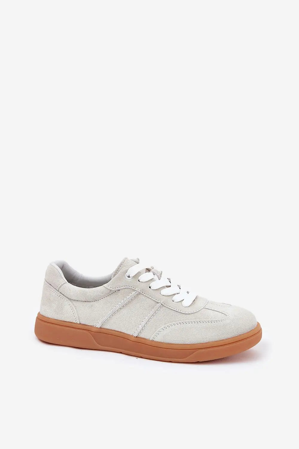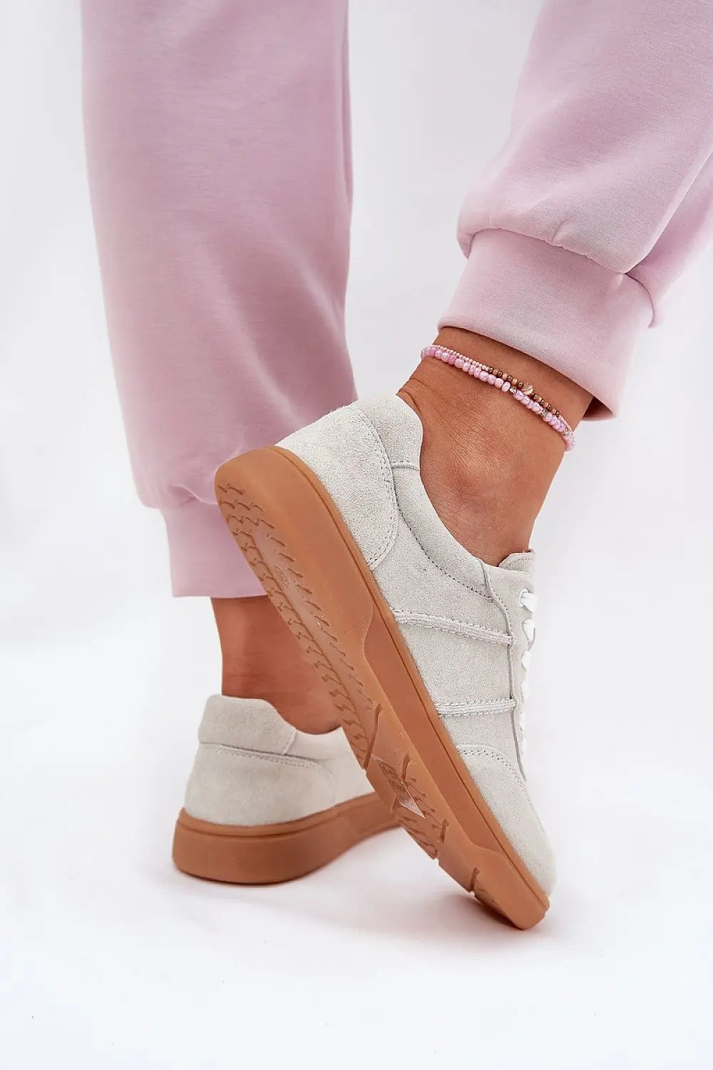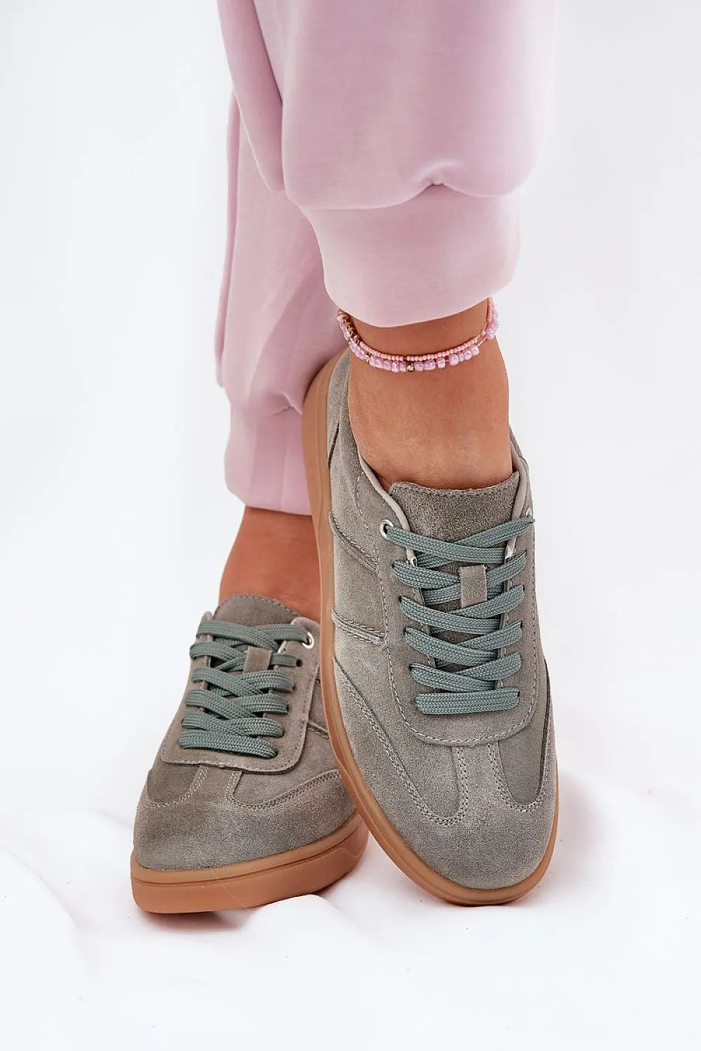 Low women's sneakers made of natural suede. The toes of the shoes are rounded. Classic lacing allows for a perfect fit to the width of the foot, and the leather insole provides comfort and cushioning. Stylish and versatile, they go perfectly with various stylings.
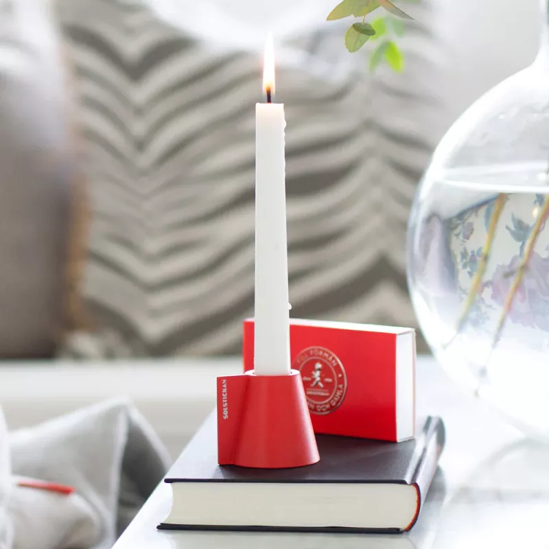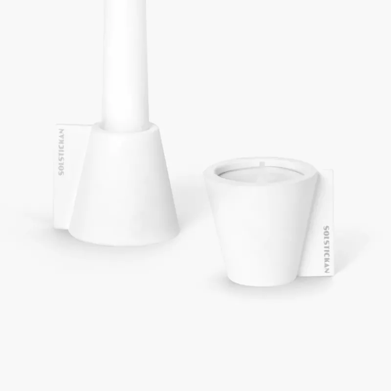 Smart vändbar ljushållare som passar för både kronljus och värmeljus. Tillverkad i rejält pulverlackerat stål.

...

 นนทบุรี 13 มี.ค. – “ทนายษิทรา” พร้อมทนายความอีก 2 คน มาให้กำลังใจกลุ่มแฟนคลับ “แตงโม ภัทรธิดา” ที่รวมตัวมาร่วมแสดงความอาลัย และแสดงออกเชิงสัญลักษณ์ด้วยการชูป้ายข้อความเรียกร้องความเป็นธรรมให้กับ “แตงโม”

* * *

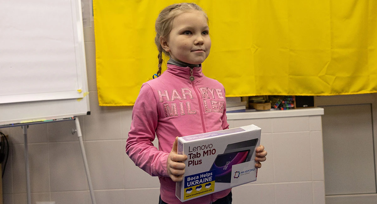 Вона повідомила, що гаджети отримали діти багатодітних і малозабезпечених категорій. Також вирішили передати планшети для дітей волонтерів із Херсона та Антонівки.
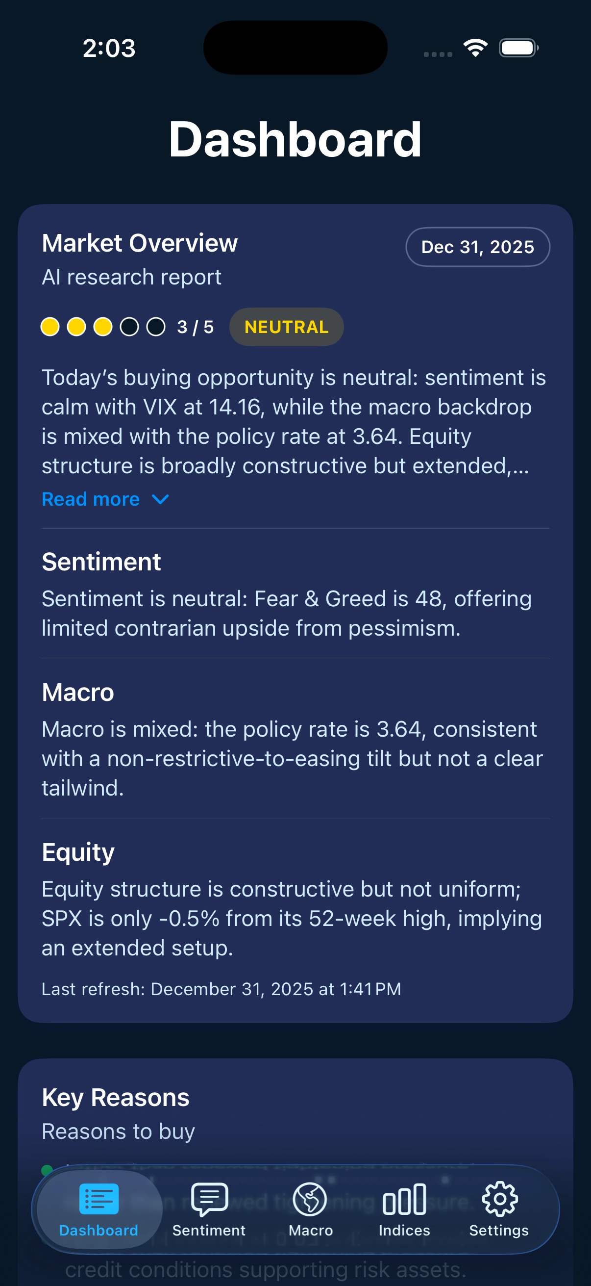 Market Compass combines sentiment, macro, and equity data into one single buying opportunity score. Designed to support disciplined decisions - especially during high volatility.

WHAT IS REQUIRED >> Pictures aside, print exactly the lines above starting with the one containing "Low women's sneakers" and going on through the one containing "Smart vändbar ljushållare".

RESPONSE TO THE EXERCISE >>
 Low women's sneakers made of natural suede. The toes of the shoes are rounded. Classic lacing allows for a perfect fit to the width of the foot, and the leather insole provides comfort and cushioning. Stylish and versatile, they go perfectly with various stylings.
 Smart vändbar ljushållare som passar för både kronljus och värmeljus. Tillverkad i rejält pulverlackerat stål.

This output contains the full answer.